While doing so, I experienced a personal vegan evolution—whereas I originally focused mainly on the nutritional superiority of an animal-free diet, my vegan convictions deepened immensely once I finally allowed myself to absorb the true magnitude of the utterly inhumane impact a non-vegan lifestyle has on non-human animals. Essentially, I became vegan for my health, but remain vegan out of a fierce desire to show non-exclusive compassion for all beings, to cause as little harm as possible to the world around me and all of its inhabitants, and to help others on their journey to an enlightenment that our industrialized, profit-driven, meat-centric society constantly works to shroud.
In response to those who consider veganism “restrictive,” I’d urge them to consider that I made a conscious decision to stop eating animal flesh and secretions because it felt completely anathema to partake in the exploitation of animals, in a corrupt billion-dollar industry, and in food that would intensely hinder my health. It’s not restriction—it’s liberation.
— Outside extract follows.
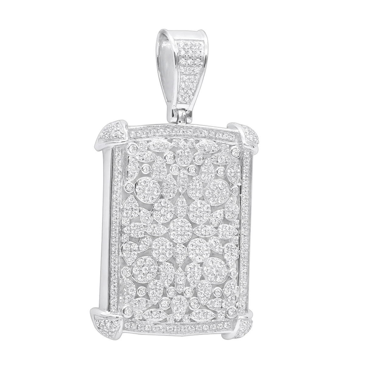Form our men’s diamond pendants collection This solid 10K gold diamond dog tag pendant for men with flower setting weighs approximately 16.5 grams and showcases 3.25 carats of pave and bezel set round diamonds. Featuring a unique design of sparkling diamonds stylishly scattered on the tag surface and on the outline this fantastic dog tag pendant is available in 10K white gold, yellow gold and rose gold. The pendant is quite large at over 2 inches long: 2 1/5in. (55mm) and 1 4/16 (31mm) wide. Such an exceptional design of this white diamond dog tag pendant makes it a perfect present for any occasion and will be a striking addition to any look. Please note that chain is for illustration purposes only and is sold separately. You also can personalize this piece or check we’ve already made and create your own design.

I entitled this blog “Farmers Market Vegan” out of my fervent appreciation for the cornucopia of seasonal, organic fruits and vegetables grown mere miles away from my hometown of Madison, WI, which in turn spawned my desire to both study sustainable agriculture in college and to begin cultivating my own vegetable garden in the hopes of becoming as self-sustainable as possible.
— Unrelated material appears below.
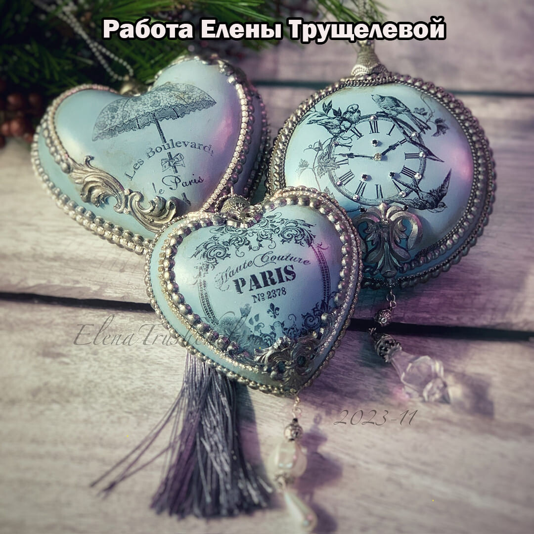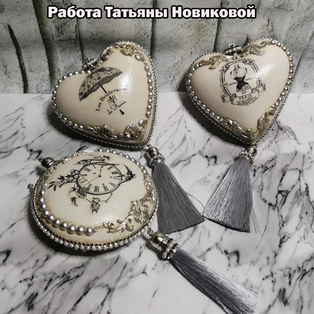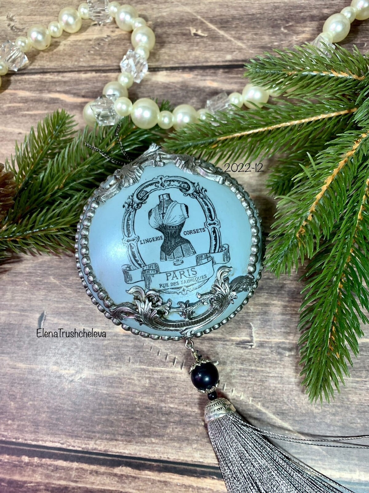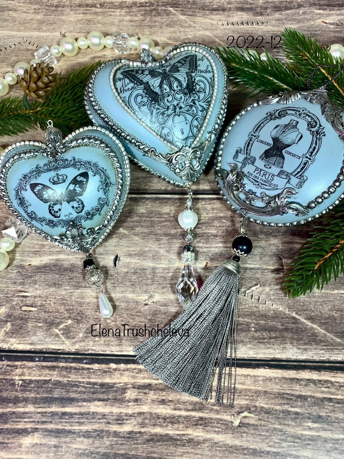 Будем делать монохромный декупаж на новогодних игрушках Парижский шарм.

However, after proudly declaring myself a “locavore” for quite a while, I realized that many proponents of the locavore movement also ardently support the impossible ideal of “ethical meat,” and thereby conveniently ignore the violent slaughter of non-human animals inherent in a society that manipulates voiceless creatures for selfish gustatory pleasures, as well as choose to romanticize images of “grass-fed, poetry-read, tucked-in-bed” animals raised within shouting distance of the homes of those who consume them. No matter how local, organic, or “humane” a farm claims to be, the fact remains that these terms are all but entirely unregulated, that the animals are only allowed to live out a fraction of their potentially fruitful lives, and that any agricultural operation, whether local or on a factory farm, contributes to the notion of non-human animals as inferior beings.
Thus, I yearn to reclaim the term “locavore” and instill it with new connotations that are compassionate to the environment, to health, and, most importantly, to the animals. Allow us to truly live off the earth and its bounty of fruits, vegetables, legumes, nuts, and seeds, rather than off the mangled carcasses of those who share the earth with us.